Может быть, ее что-то отвлекло. Оказывается, пришли гости. Гости? Ко мне?

Пришел директор школы из соседней деревни, она нашла это очень любезным с его стороны, хотя и не совсем понимала, что еще, кроме добрососедской любезности, скрывается во взгляде гостя, что за сигнал, поданный в расчете на узнавание, но не нашедший в ней отклика.

Мать отправила ее в жасминную беседку, принесла яблочный морс, потом в довершение всего взойдет луна. Сперва в его речи чувствуется принужденность. Только она не может понять почему. Он прослышал, что она не то больна, не то еще что-то, и решил убедиться, так сказать, собственными глазами. Для этой цели у него есть красивые карие глаза, невольно думает она, приятное впечатление производит и его манера держаться, открытая и жизнерадостная, где ж это она его видела? Добавьте ко всему умение понять собеседника, точность оценок, деятельное и симпатичное отношение к жизни. Вот у кого приятно учиться! Почти немедля он подтверждает эту мысль, начав рассказывать о своих учениках, ей ведь еще знакомы некоторые из них. Тут она становится внимательной, спрашивает, объясняет, спорит, удивляется. Да, бросает он как бы между прочим и опять с тем же многозначительным оттенком, все мы постарели на четыре года.

Она одобрительно смеется. Это не самая умная реакция на его слова, но и не самая глупая.

Потом к их беседе присоединяется отец, за долгое время у него опять выдался неплохой день, без болей, почти без удушья, пожалуй, он может рискнуть и посидеть с ними, завернувшись в одеяло. Возбужденный школьными историями, он вспоминает, как сам работал в школе, вспоминает учительскую семинарию, свои попытки сбежать оттуда и как он впоследствии научился довольствоваться малым. Как все по-другому, думает Криста Т., и одновременно: какие параллели! Отцу недолго осталось так с ней разговаривать, она знает это, и отец тоже знает. Они хорошо поладили с молодым коллегой из соседней деревни, они начинают толковать о делах, и вдруг Криста Т. слышит, как гость говорит: «Я целиком и полностью разделяю ваше мнение».
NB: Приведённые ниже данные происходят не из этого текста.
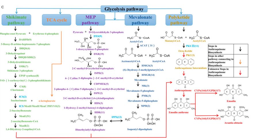 圖1.決明子內(nèi)參與橙黃決明素生物合成潛在代謝通路
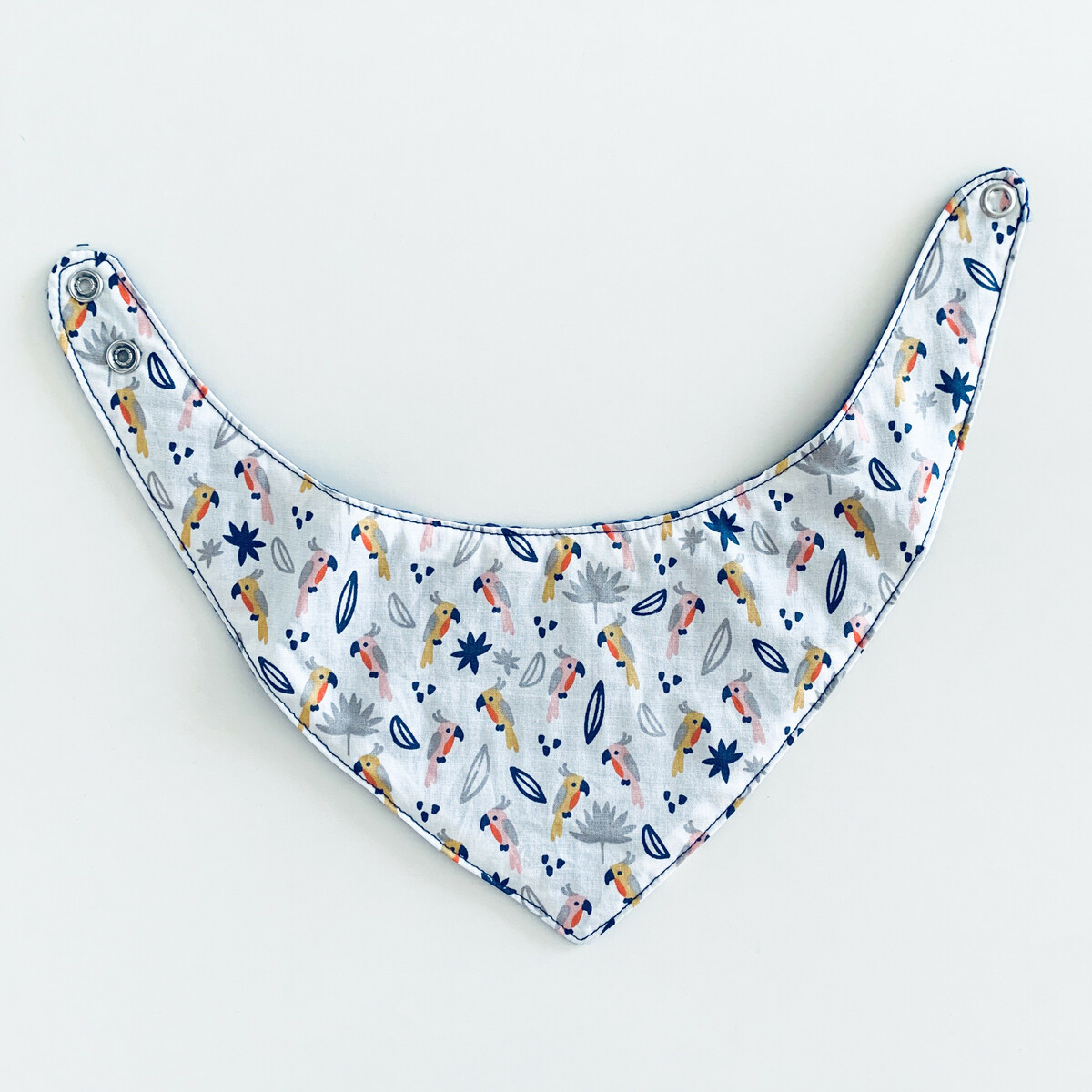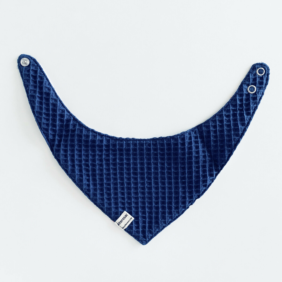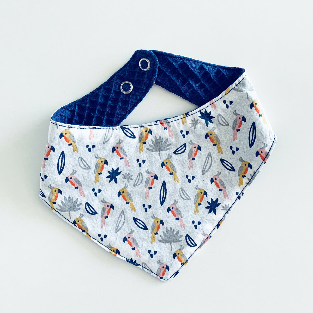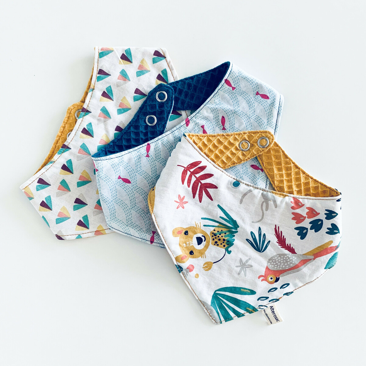 Bavoir réutilisable fabriqué à la main en France. Avec ses deux faces en coton labelisé oeko-tex, il est idéal pour votre bébé : un côté est en tissu imprimé à motif et l'autre est en tissu absorbant en nid d'abeille. Motif aléatoire selon arrivage.

Целиком и полностью! — наконец-то она ощущает толчок, который должна была ощутить с самого начала, наконец-то стали понятны и его многозначительные взгляды, и двусмысленность его ответов. Кстати, только теперь она замечает, что он до сих пор ходит в серой куртке на молнии. Хорошая куртка, добротная куртка, куда прочней, чем небольшое чувство.

И однако: боже мой, как я могла забыть?!

Это одновременно и приятно ей, и неприятно.

Когда ночью в тишине она хочет поразмыслить обо всем, — и о том, что случается, и о том, что можно забыть, забыть целиком и полностью, и приятное, и неприятное, — тоска и отчаяние последних дней вдруг тают у нее в груди. Вот как, думает она удивленно, вот, значит, как!

Впервые она быстро засыпает, просыпается не слишком рано и в отличном состоянии, не забыв даже, что видела во сне. Итак, она стояла у забора, как тогда, а директор школы приехал из соседней деревни, на нем была серая куртка, и она набила ему карманы вишнями, правда, вишни были еще зеленые, но их обоих это ничуть не смущало. И вдруг он был уже не он, а Костя, и она пригоршнями сыпала вишни ему в карман, потом внезапно стемнело, настала ночь, месяц выплыл на небо, тут он взглянул на нее и оказался не Костей, а совершенно чужим человеком, и он приветливо промолвил: вот видишь, так всегда бывает.

Эти слова она твердила про себя весь день и каждый раз невольно смеялась. Так всегда бывает, так всегда бывает — чем тут утешаться? А кто этот чужой, ее ни капельки не интересовало.

К обеду приехала на велосипеде сестра, и тут только Криста Т. поняла: начались летние каникулы. Они вместе отправились в пойменные луга, лежали там на траве и говорили обо всем, о чем только можно. Другое же, по-немецки «Himbeere», по-польски «малина» — оно тоже тайно ожило в ней. Не раз еще оспоренное в будущем, не раз еще подвергнутое сомнению.

Но и это не было доведено до конца.

 

 

Я могу сказать только так: это она унесла с собой.

Ибо ее путь туда был не свободен от противодействия и потому длителен, как многие пути нашего поколения. Но все-таки это был путь с заданным направлением, чему суждено быть, то уже дало о себе знать, после долгих усилий показало даже, каким оно будет; его сущность и его усилия можно с точностью определить по силе ее беспокойства — как определяют высоту напряжения по отклонению стрелки.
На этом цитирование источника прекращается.